» Data for review:
************
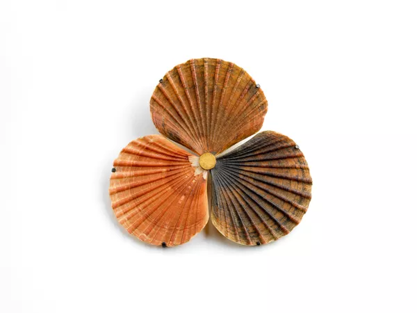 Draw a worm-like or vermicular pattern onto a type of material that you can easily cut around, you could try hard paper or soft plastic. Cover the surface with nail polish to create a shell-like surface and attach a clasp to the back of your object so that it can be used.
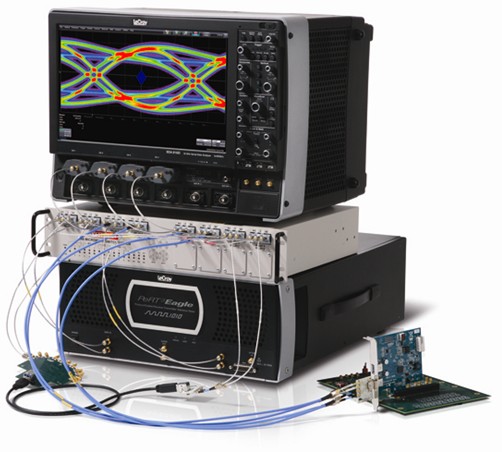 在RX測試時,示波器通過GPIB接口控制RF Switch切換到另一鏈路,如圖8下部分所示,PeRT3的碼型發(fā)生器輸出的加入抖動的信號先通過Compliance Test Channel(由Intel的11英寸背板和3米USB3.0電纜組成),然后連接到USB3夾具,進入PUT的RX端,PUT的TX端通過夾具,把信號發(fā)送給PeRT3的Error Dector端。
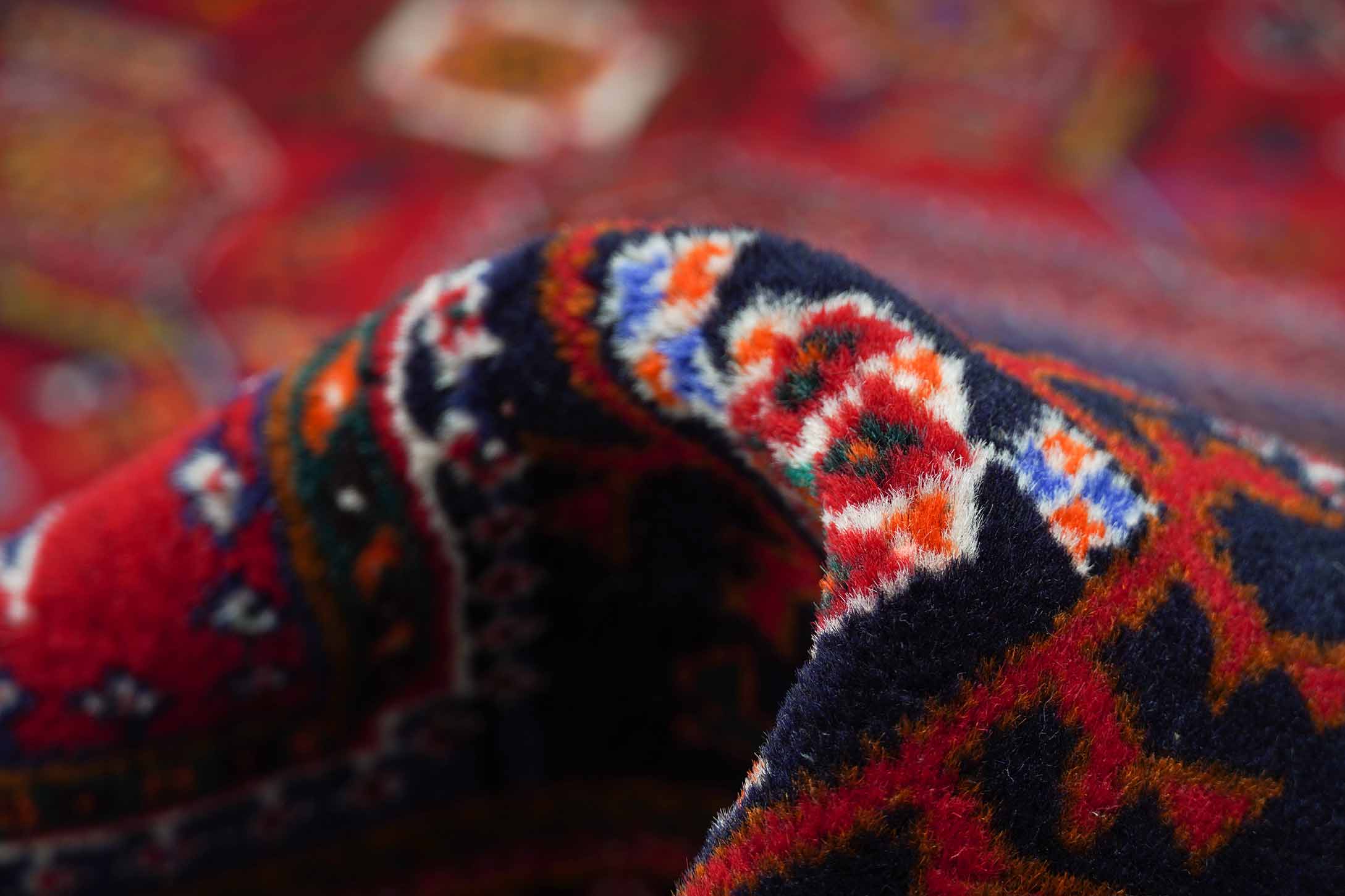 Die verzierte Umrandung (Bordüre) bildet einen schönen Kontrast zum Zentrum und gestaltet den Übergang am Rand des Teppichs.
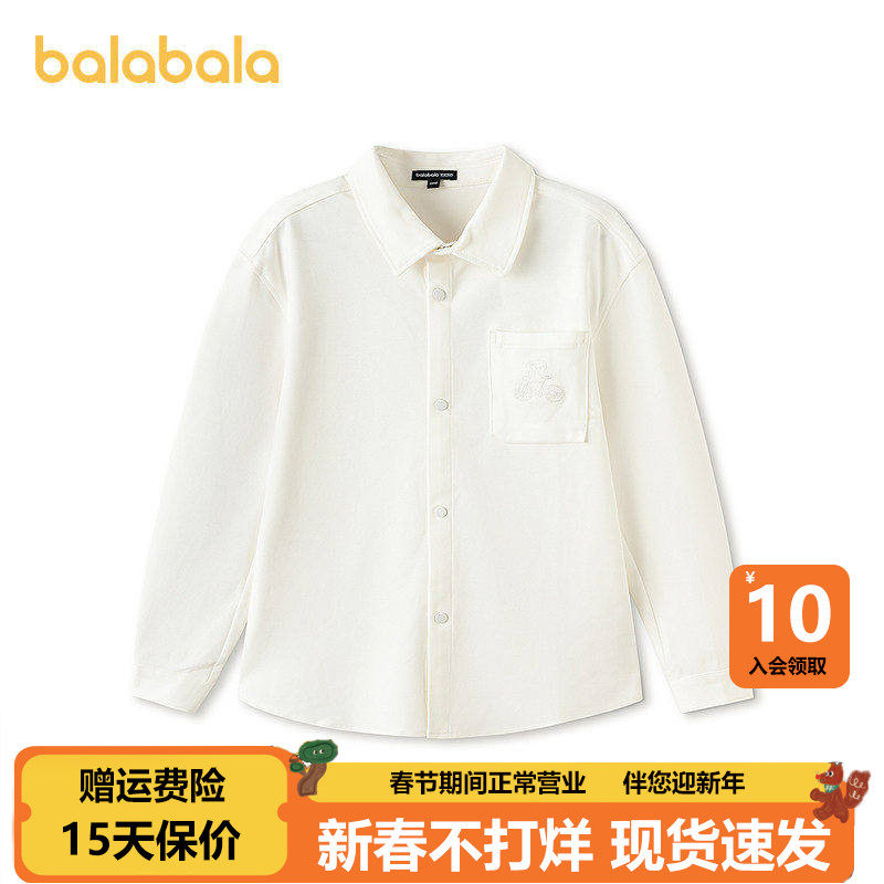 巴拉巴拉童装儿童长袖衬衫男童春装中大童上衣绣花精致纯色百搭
************
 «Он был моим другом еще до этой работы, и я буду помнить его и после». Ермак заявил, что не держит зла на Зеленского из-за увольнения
************
» Aim of the exercise:
What you write out is the stretch of entries from the line containing "Die verzierte Umrandung" to the line containing "巴拉巴拉童装儿童长袖衬衫男童春装中大童上衣绣花精致纯色百搭", word for word, with both end lines and no pictures.

» Problem solution:
 Die verzierte Umrandung (Bordüre) bildet einen schönen Kontrast zum Zentrum und gestaltet den Übergang am Rand des Teppichs.
 巴拉巴拉童装儿童长袖衬衫男童春装中大童上衣绣花精致纯色百搭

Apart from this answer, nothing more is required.